■ Assigned task
Set down the records exactly as they stand, except for any pictures, which you should omit.

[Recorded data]
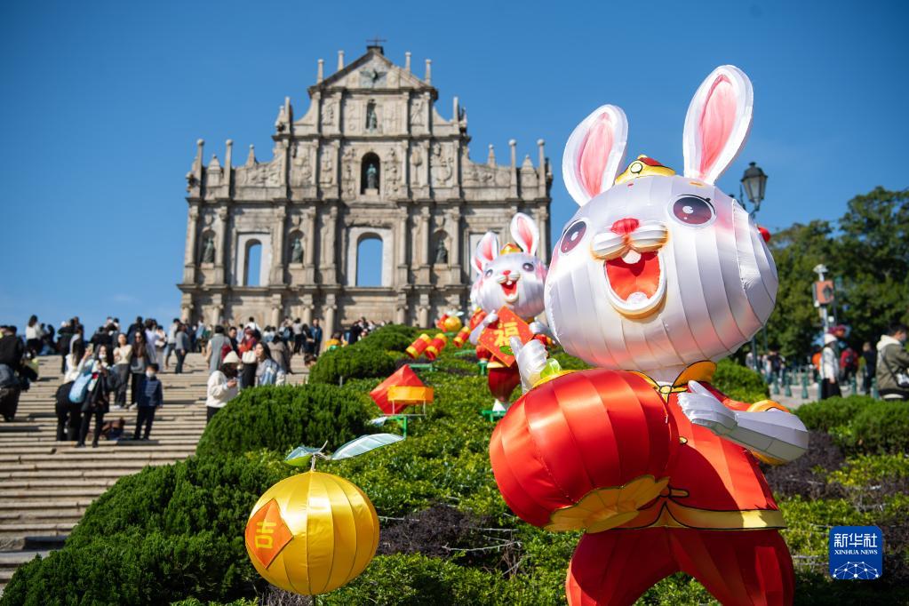 1月18日,游客在澳門大三巴牌坊前游覽。
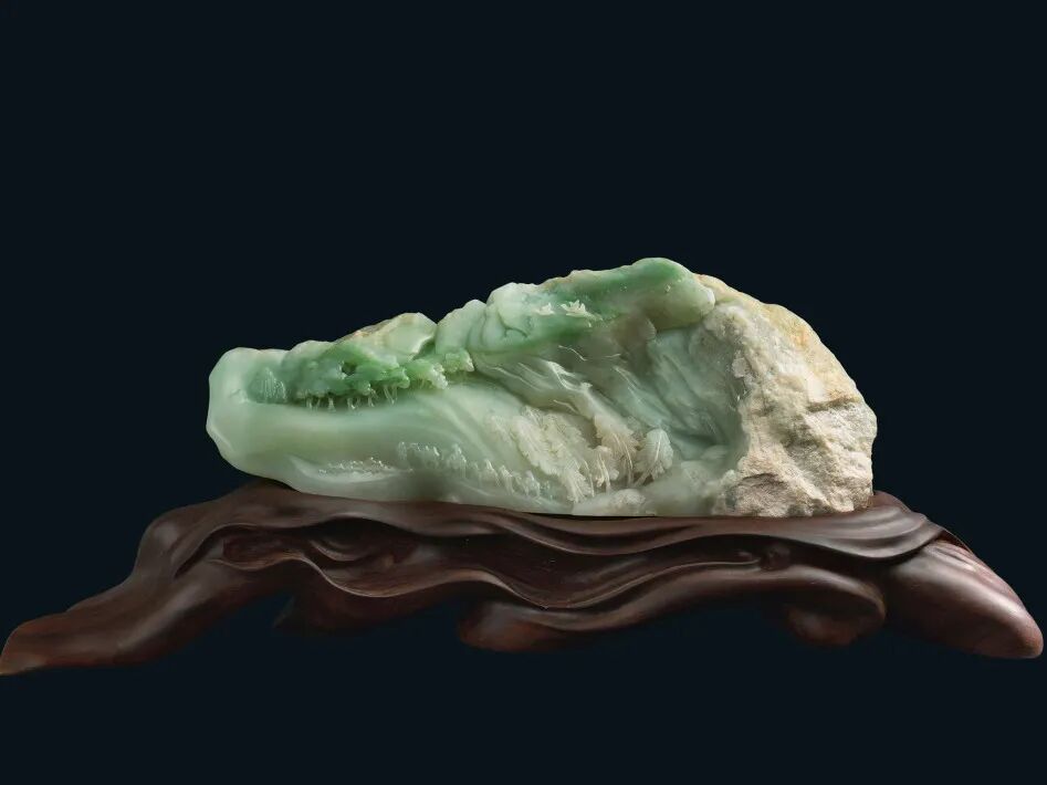 俄罗斯翠青,有一般白玉的凝重,又有翡翠绿色的鲜活,其绿色附在白底上,似春天枝头的嫩芽,给人以生机盎然、蓬勃向上的感觉。钟爱这难得的好材料,思虑再三,结合原料上一块白色肉质——绘出晴空万里,归雁盘旋,商贩驼队缓缓行过沙漠绿洲,遥看常年不化的雪山,宛如世外桃源。作品白翠相间,相得益彰,加之精细的做工雕刻,更凸显原料的难得,大漠绿洲,积雪如银,绿洲深处听驼铃。
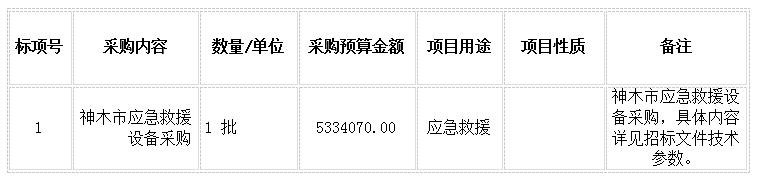 神木市應急救援設備采購采購項目已于 2019年12月24日進行 公開招標 ,現(xiàn) 招標 工作已結(jié)束,根據(jù) 評標委員會 的評審結(jié)論和采購人 “定標復函” ,現(xiàn)將 中標 結(jié)果公告如下:
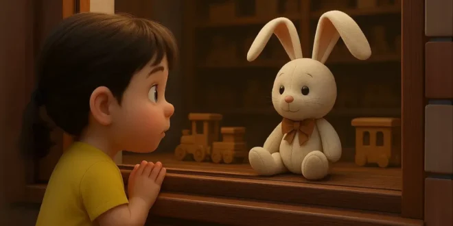 Defne en çok rafın en üst köşesindeki bez tavşanı severmiş. Kulakları biraz eğilmiş, elbisesi solmuş ancak gözleri hâlâ pırıl pırılmış. Her geldiğinde tavşanın yanına çıkar, onu kucağına alıp fısıltıyla konuşurmuş.
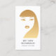 Un ilustracion elegante y atemporal de la cara de un chica en un gradiente de tono dorado le da un toque sofisticado a este moderno diseño de tarjetas de visita. Perfecto para los que se dedican al negocio de la belleza y el estilo, peluquerías, maquilladores, bloggers de moda, etc. © 1201AM CREATIVE
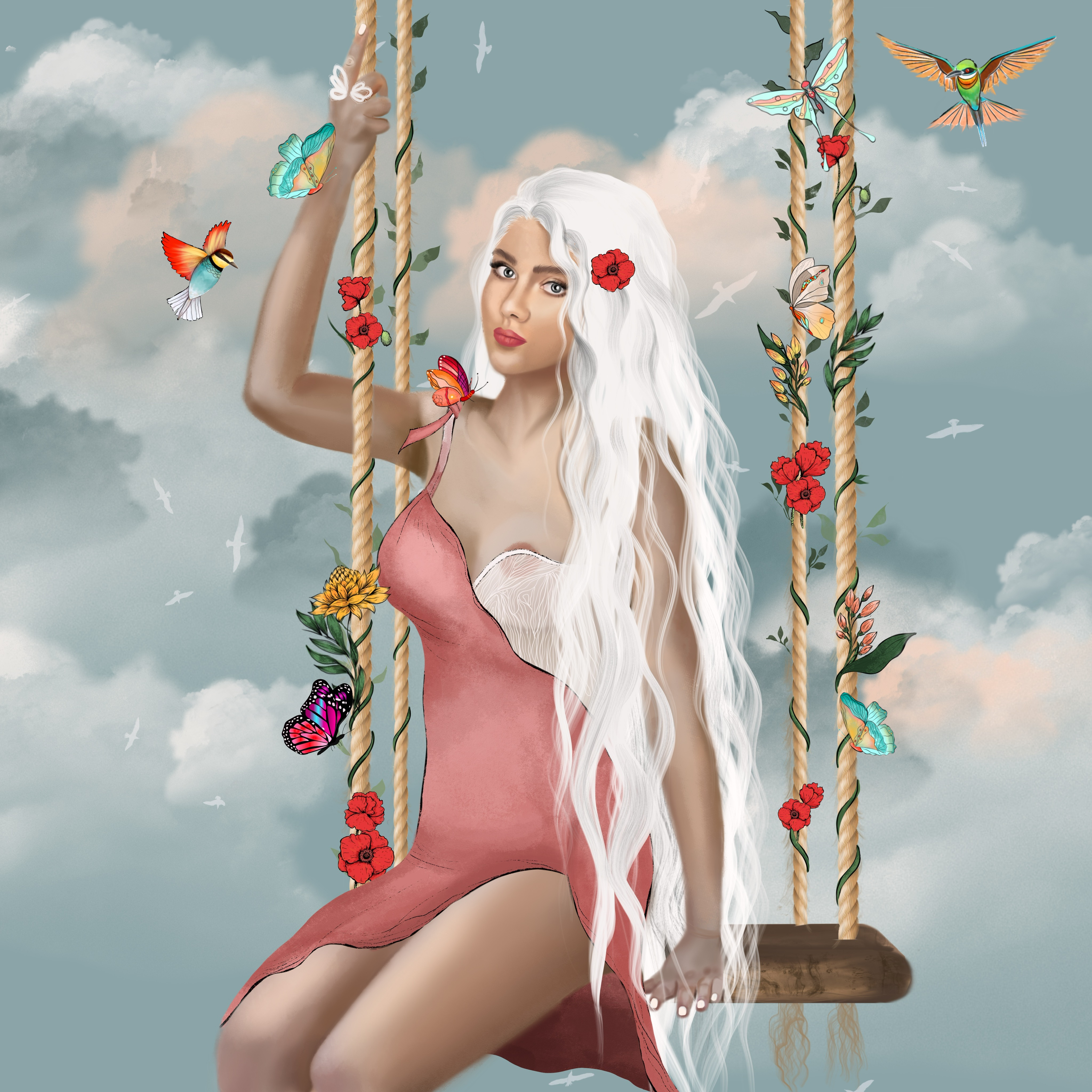 My first day in paradise I wondered what it would bring, Hidden in the skies amongst the clouds I saw swing, A maiden singing her beauty matched her tone,
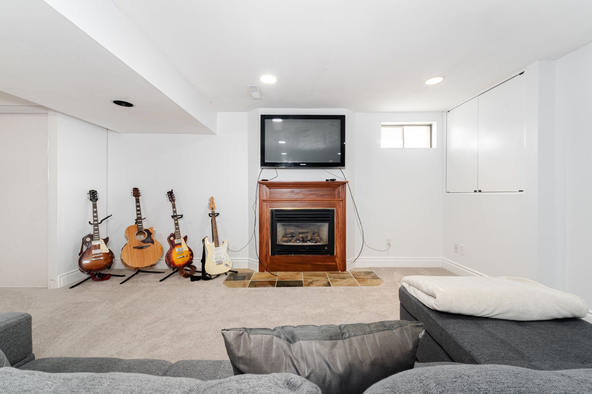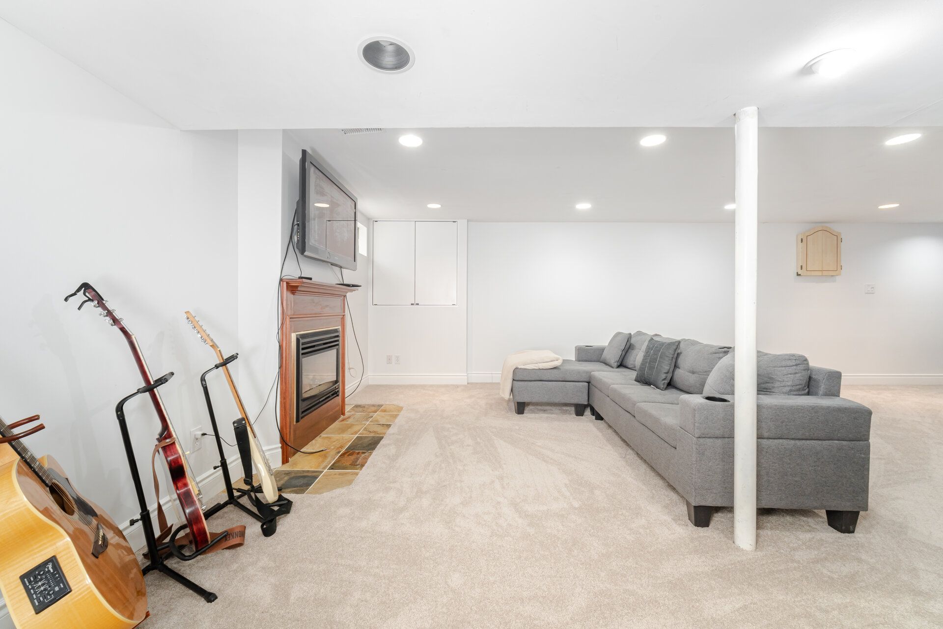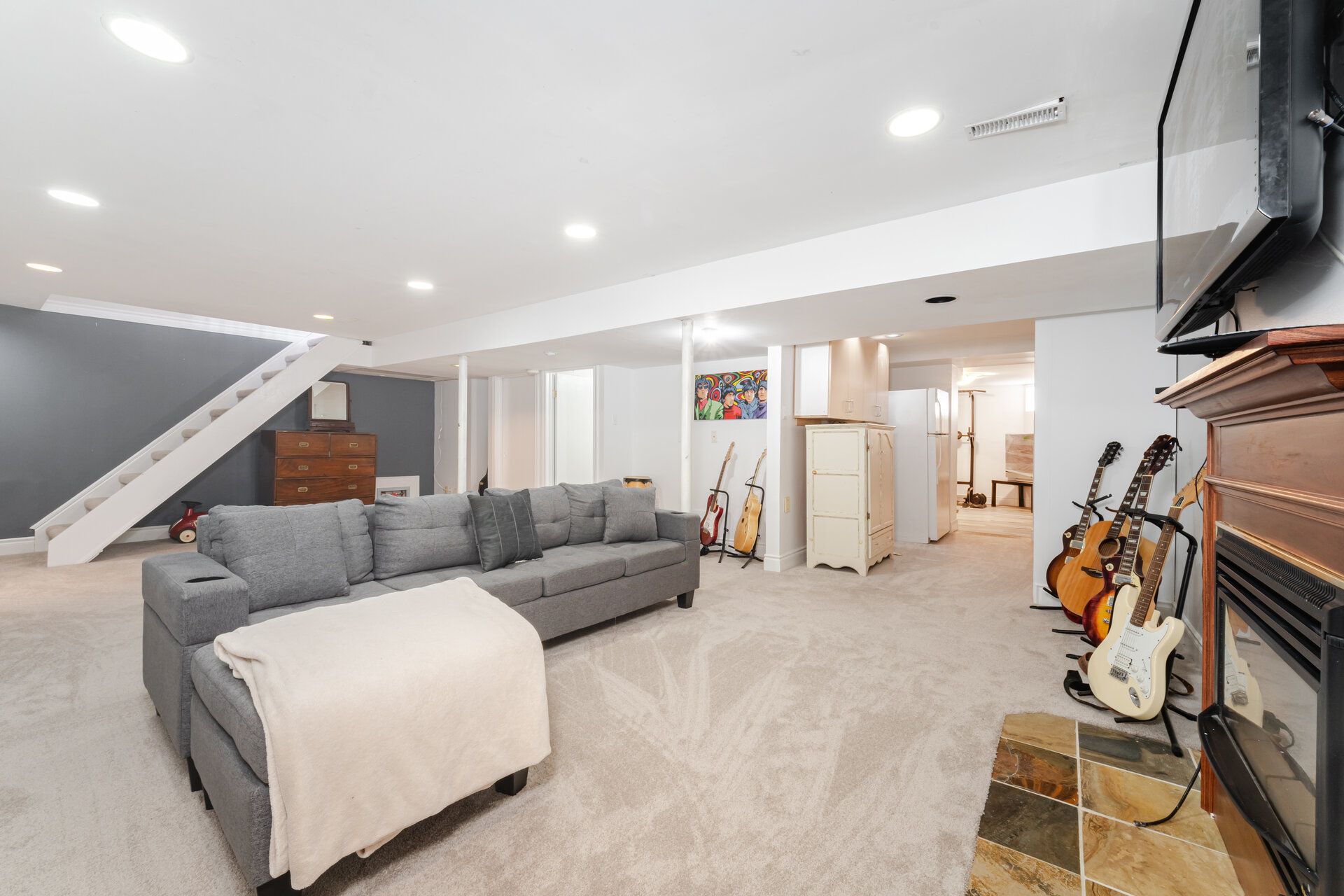 • Expansive family room with built-in speakers for entertainment.
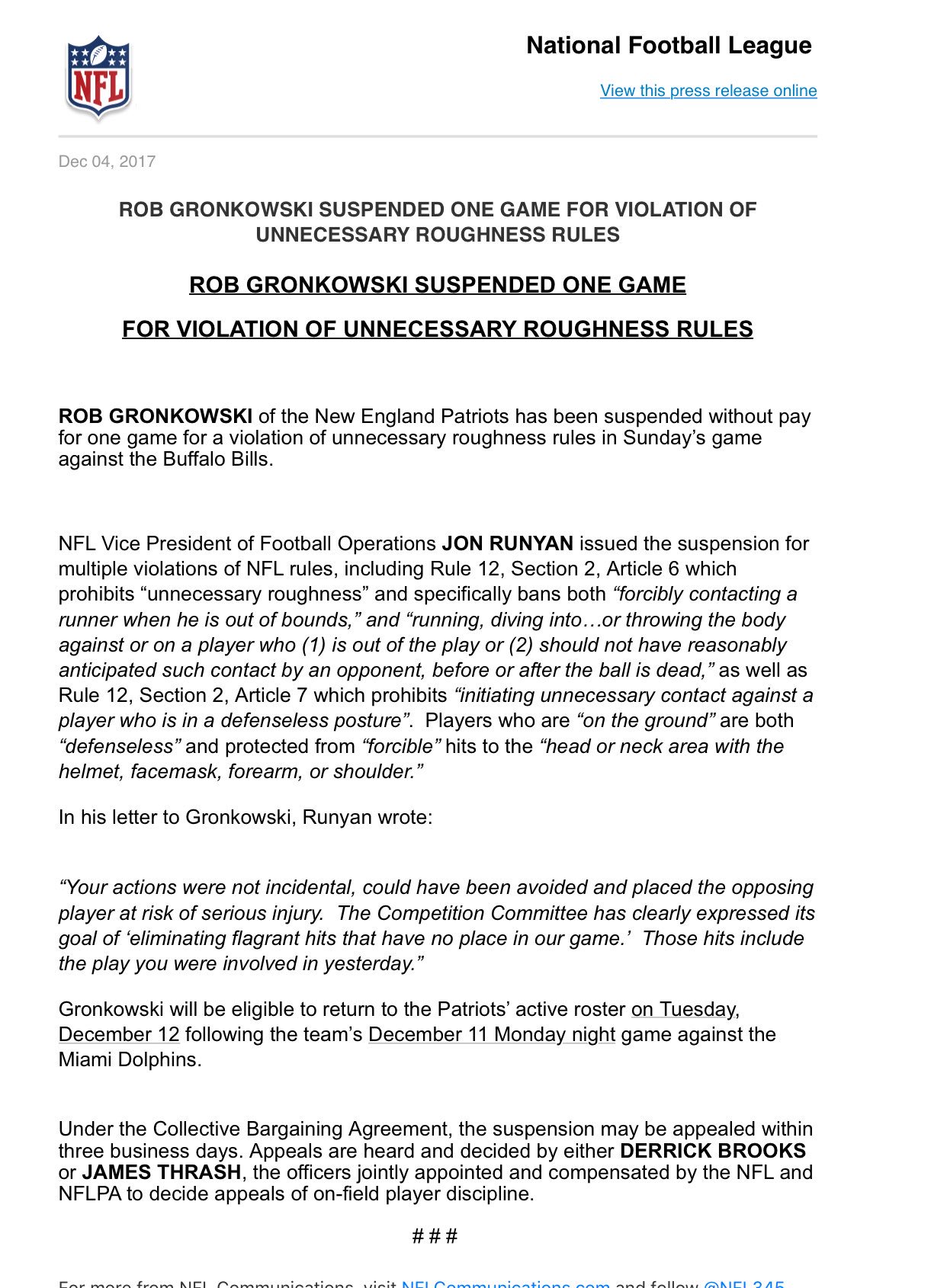 ESPN just did a push notification announcing a 1-game suspension for Gronk

■ Completed exercise
 1月18日,游客在澳門大三巴牌坊前游覽。
 俄罗斯翠青,有一般白玉的凝重,又有翡翠绿色的鲜活,其绿色附在白底上,似春天枝头的嫩芽,给人以生机盎然、蓬勃向上的感觉。钟爱这难得的好材料,思虑再三,结合原料上一块白色肉质——绘出晴空万里,归雁盘旋,商贩驼队缓缓行过沙漠绿洲,遥看常年不化的雪山,宛如世外桃源。作品白翠相间,相得益彰,加之精细的做工雕刻,更凸显原料的难得,大漠绿洲,积雪如银,绿洲深处听驼铃。
 神木市應急救援設備采購采購項目已于 2019年12月24日進行 公開招標 ,現(xiàn) 招標 工作已結(jié)束,根據(jù) 評標委員會 的評審結(jié)論和采購人 “定標復函” ,現(xiàn)將 中標 結(jié)果公告如下:
 Defne en çok rafın en üst köşesindeki bez tavşanı severmiş. Kulakları biraz eğilmiş, elbisesi solmuş ancak gözleri hâlâ pırıl pırılmış. Her geldiğinde tavşanın yanına çıkar, onu kucağına alıp fısıltıyla konuşurmuş.
 Un ilustracion elegante y atemporal de la cara de un chica en un gradiente de tono dorado le da un toque sofisticado a este moderno diseño de tarjetas de visita. Perfecto para los que se dedican al negocio de la belleza y el estilo, peluquerías, maquilladores, bloggers de moda, etc. © 1201AM CREATIVE
 My first day in paradise I wondered what it would bring, Hidden in the skies amongst the clouds I saw swing, A maiden singing her beauty matched her tone,
 • Expansive family room with built-in speakers for entertainment.
 ESPN just did a push notification announcing a 1-game suspension for Gronk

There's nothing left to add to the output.